Philip Tulimieri, professor at Baruch College’s Zicklin School of Business and a former Deloitte partner, goes so far as to propose a new model for corporate management in which CFOs will one day be co-equals with CEOs. “We need to see that companies are too complex to be managed by one person,” he says, and “today’s CFO is much better equipped than anyone else in the company to take on an equal role in a joint-management situation.” He and a colleague, Moshe Banai, recently wrote a paper about the CEO-CFO partnership and are currently conducting research along those lines.
This all might sound like good news for finance executives, who likely already have the phrases “strategic” and “business partner” somewhere (if not in multiple places) on their résumés. But, as appealing as it may be, this vision of the strategic CFO striding arm in arm with the CEO is one that has so far been perpetually on the horizon without ever quite arriving. The recent buzz about its importance, if not inevitability, only underscores that phenomenon.

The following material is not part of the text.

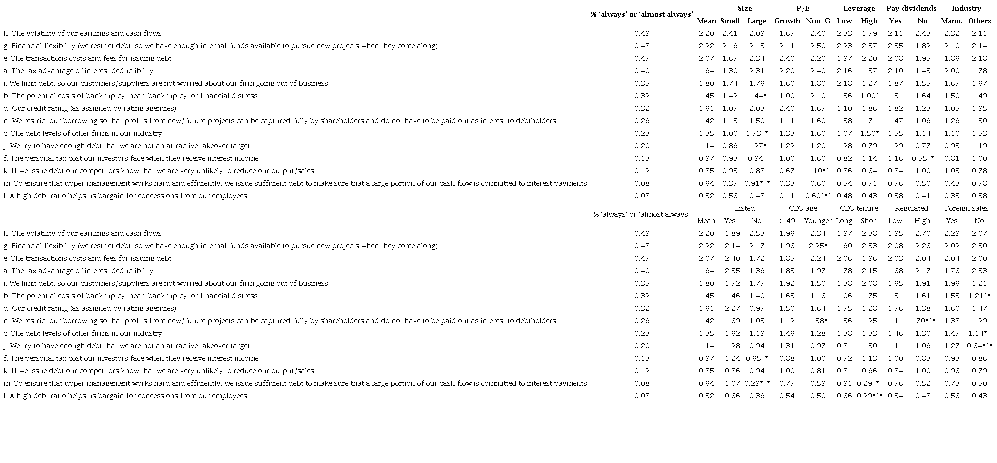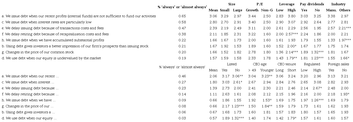 We asked managers about the factors that affect the firm’s debt policy. The results are shown in Table 9. Insufficient internal funds are the most important factor in the decision to issue debt, 65% of respondents selected this alternative as ‘important’ or ‘very important’. This is consistent with the pecking-order theory. This factor is significantly more important for listed firms than unlisted firms and also for firms with younger CEOs.

For at least the past decade, the story has remained the same: finance chiefs are ready to pull their heads out of the numbers and address a broad range of business imperatives. They are ready to think about things like whether the consumer division should expand in Latin America or Europe, whether to acquire a competitor or fight harder against it, whether to shutter or deepen investment in projects that haven’t lived up to their potential.
In short, they will prove that they have a broad enough command of the company that they could step into the CEO role at any time. Sarbanes-Oxley, which plunged most CFOs into a vortex of mind-numbing compliance-related tasks, is regarded as a temporary obstacle to this evolution; now, experts say, we’re back on the right path.
To be sure, some CFOs truly are in this vaunted position. But research indicates that it is still far from the norm. The Corporate Executive Board, a networking and consulting group, recently probed 70 CFOs on how they spend their time. Of the group, only 17% were deemed to be “performance leaders,” executives who react quickly to change and take advantage of opportunities for their companies, and whose actions can be correlated with shareholder returns during their tenure. The rest fell into categories that sound perfectly acceptable — “process optimizers” and “consensus builders” — but that indicate executives who do not move companies forward.